In this two-part guide, we’ll walk through how the Smith Manoeuvre works, who it’s best suited for, what kind of mortgage you need, and the potential risks involved. Our goal is to help you understand the mechanics and decide whether it’s a fit for your financial situation.

What Is the Smith Maneuver in Canada?

Imagine this: every time you make a mortgage payment, part of that money goes toward paying down your loan’s principal. Normally, that’s where it ends. Your home equity grows, but your home equity is doing nothing for you until you sell your home or refinance.

The Smith Manoeuvre flips that idea on its head.

Smith Maneuver is a legal, long-term strategy that lets Canadian homeowners turn their mortgage into a wealth-building machine.
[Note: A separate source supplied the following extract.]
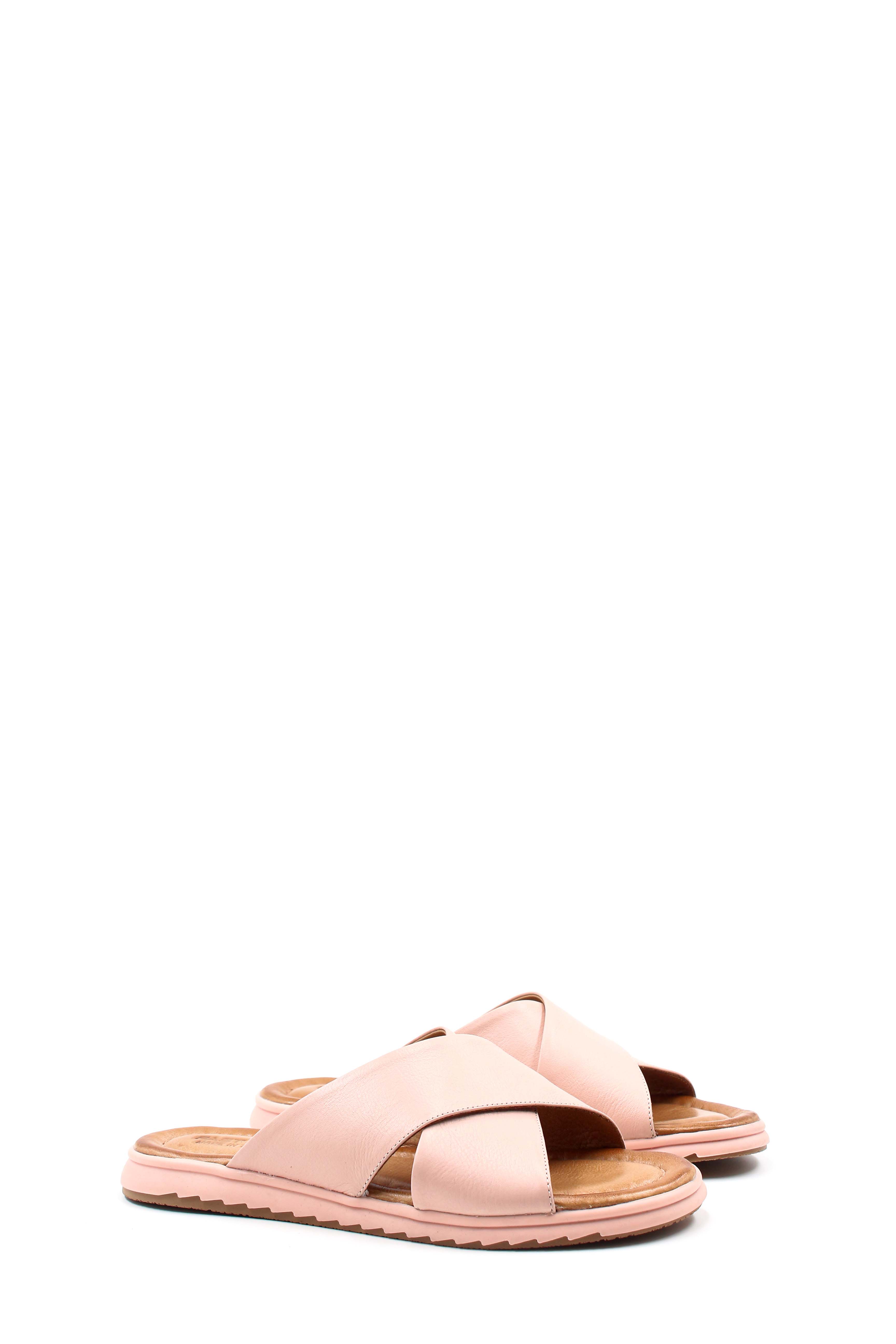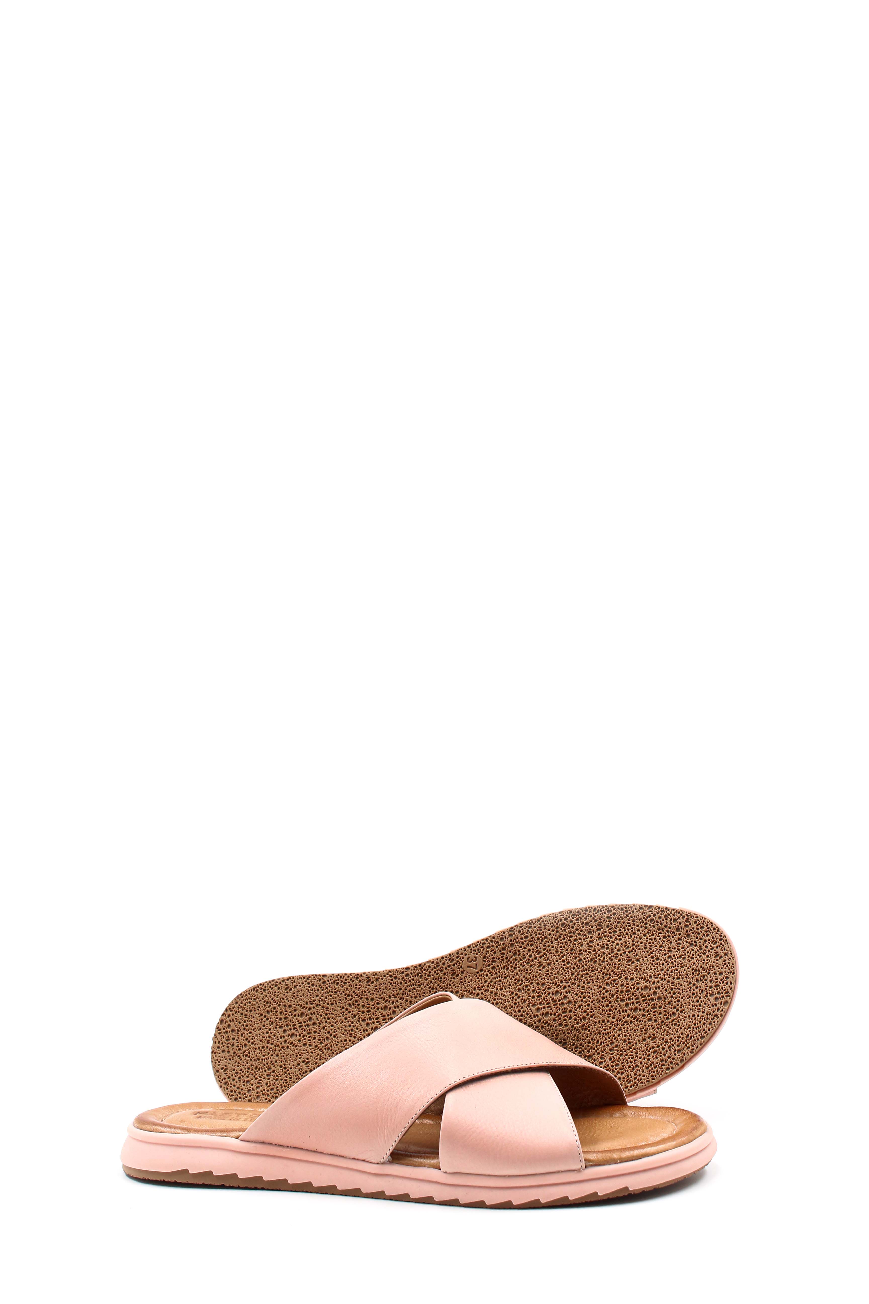 Tugerdi Pudra Hakiki Deri Hafif Taban Çapraz Kadın Düz Terlik TG096572612854

Here's how it works in simple terms:

You pay down your mortgage like usual.

As you build equity, your lender gives you access to a line of credit (called a readvanceable mortgage).

You borrow that newly available equity and invest it—in things like stocks, ETFs, or mutual funds that generate income.

Because you’re borrowing to invest, the interest on that loan is tax-deductible.

Over time, your mortgage is replaced with a deductible investment loan, and you're building a portfolio alongside it.

You’re not paying more—you’re just recycling your mortgage payments into a smarter, more tax-efficient strategy. Instead of waiting 25 years to be mortgage-free before you start investing, the Smith Manoeuvre lets you invest now, while paying off your home at the same time.

Smith Maneuver Example Using Realistic Numbers

Let’s say you’re paying down your mortgage and want to use the Smith Manoeuvre each month:

$800/month goes toward mortgage principal.

That $800 is immediately available to reborrow from your HELOC.

You borrow it and invest it in a portfolio (e.g. ETFs or dividend stocks).

After 12 months, you’ve invested $9,600 in borrowed funds.

With a modest 6% annual return, your investment could grow to ~$10,200.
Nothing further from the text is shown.